Monday 15 February 2021

Railway Archaeology: London Transport Museum


The London Transport Museum is housed in the former Flower Market building in Covent Garden, and I gave it a visit on my trip to London in October 2019 (yes, I am VERY behind on these writeups). 

LTM's history started with one of the London bus companies preserving some horse-drawn omnibuses in the 1920s, and the museum today very much reflects this. I'd gone in assuming that it would predominantly be about the Tube, but a significant proportion of the displays - and especially the big displays, like the vehicles - are old buses and trams, and even hansom cabs. 

A preserved horse-drawn tram

The exhibition starts at the beginning and sort of goes forward in time, so you get the history of all the original horse-drawn vehicles, the first crossings of the Thames, the arrival of steam trains and the early cut-and-cover Tube lines, the later deeper Tube lines, busification of trams, dieselisation of buses and electrification of trains. 

An early Metropolitan Line steam train, with its steam condenser pipe (via Loz Pycock)

Something that's always fascinated me was how they ran steam trains underground in those early days. The early lines were very close to the surface and they had a lot of ventilation shafts and so on, and they did have a few technical tricks up their sleeves to reduce the soot and steam emitted by the engines, but there's no doubt it would have been a pretty unpleasant experience - particularly for the drivers! 

Suburbs like Golders Green were born as the Tube was built out

The museum touches on the phenomenon of Metro-land, which was an early - and very systematised - version of urban sprawl. Tube companies would essentially acquire large amounts of land out on the fringes of London, build the train lines out to serve those communities then sell the land, and pitch it all as a way of buying into the commuter lifestyle - so they could make money both on the property speculation, and on the train tickets for the foreseeable future, as the new residents commuted into central London for work every day. They had very clear visions for what these suburbs would look like - doing their best to recall rural village idylls with the architecture of the houses, as well as the train stations. 

Make up your mind! 

The museum has a huge collection of posters and similar memorabilia through the years. The British just seem to do railway advertising really well - the mainline operators through the years seem to have a similarly good record to the Tube - and LTM has a number of these posters and bits and pieces on display. 

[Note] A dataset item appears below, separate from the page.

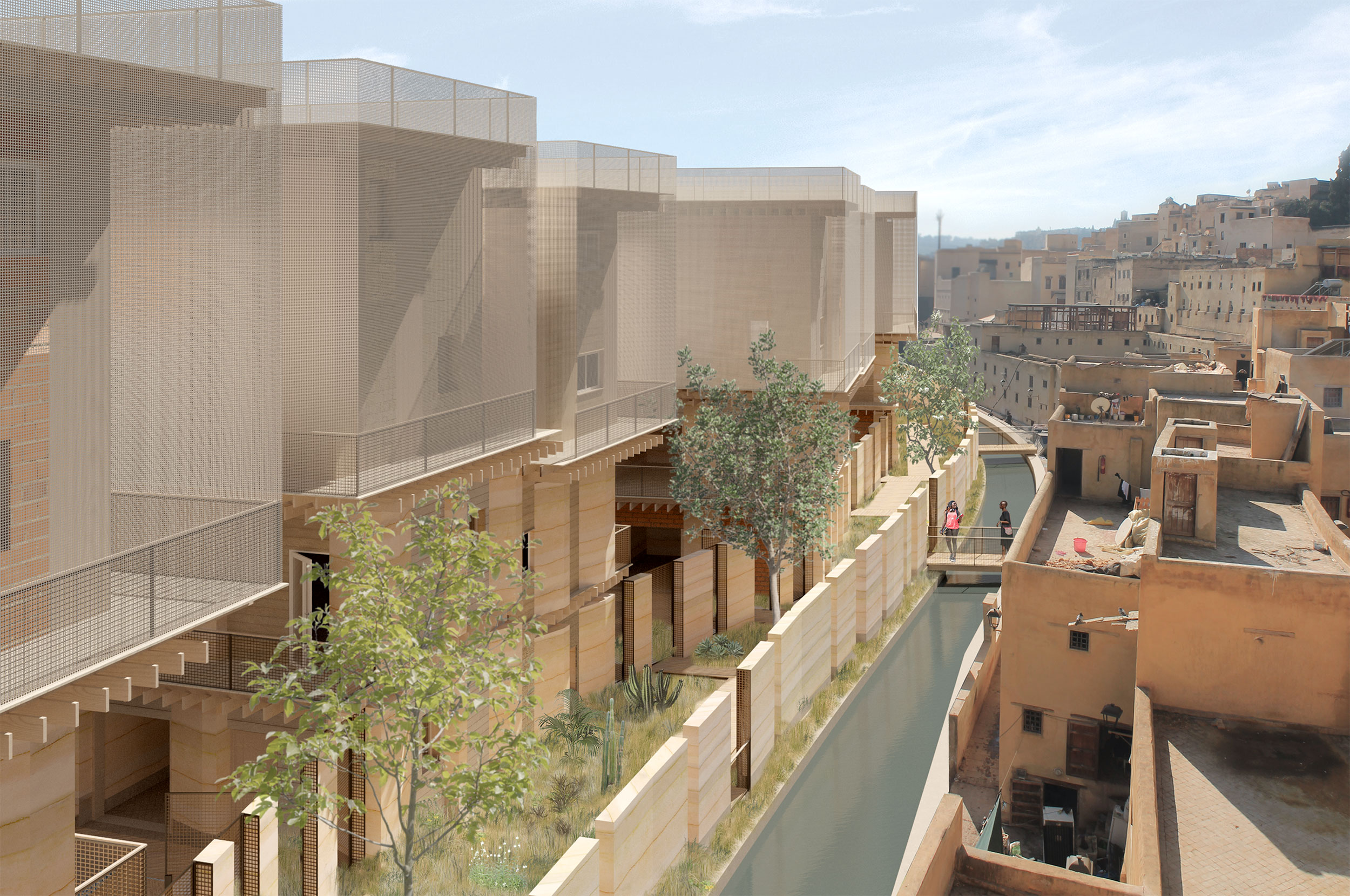 The project firmly roots itself in its Moroccan context through local and found material use and a reinterpretation of traditional courtyard typology.

Drawings of the complicated layout of Embankment Underground Station

One of the things I admire the most is the diagrams of station layouts that they have - showing how the train tunnels for different lines duck and weave around each other, and how the pedestrian access tunnels fit around all of these. They really are rabbit warrens sometimes, and it's fascinating to see them visualised like this. 

A classic visualisation of the space-efficiency of different modes

Another thing they seem to do really well is advertising public transport or good urbanism more generally. The above poster from 1965 is a brilliant example of this, and it's a concept I've seen recreated in a bunch of memes, decades later. 

Moquette patterns through the years

They also have a bunch of exhibits on the moquette patterns through the years - the fabric patterns on the seats of the trains. Many of these are really iconic designs, which have earned a lot of affection from Londoners - and you can buy a bunch of stuff in the LTM gift shop with the moquette patterns, from clothes to furniture. I really love how they celebrate their own public transport network, and will sell merchandise for it - it's crazy that nobody official is doing this in Australia, because there is a clear market for it (as proven by the people selling unofficial train and tram moquette face masks and t-shirts and jumpers). 

Many people took shelter in Tube stations during the Blitz (source)

One exhibit I really loved was the Hidden London exhibit, which was about transport - especially the Tube - during World War II. (It had the feel of a temporary exhibit, but evidently it was still in place a year after my visit, so who knows.) There was an extensive recreation of the underground spaces that were adapted from abandoned Tube stations to be used as bunkers during the Blitz - things like medical facilities for the general public during air raids, and dining rooms for the relatively high-ups, which given the constrained space in the tunnels were designed by the railway staff along similar lines to dining cars. 

I was expecting a bit more focus on the Tube and less focus on other aspects, but overall the museum was very interesting and well worth the visit.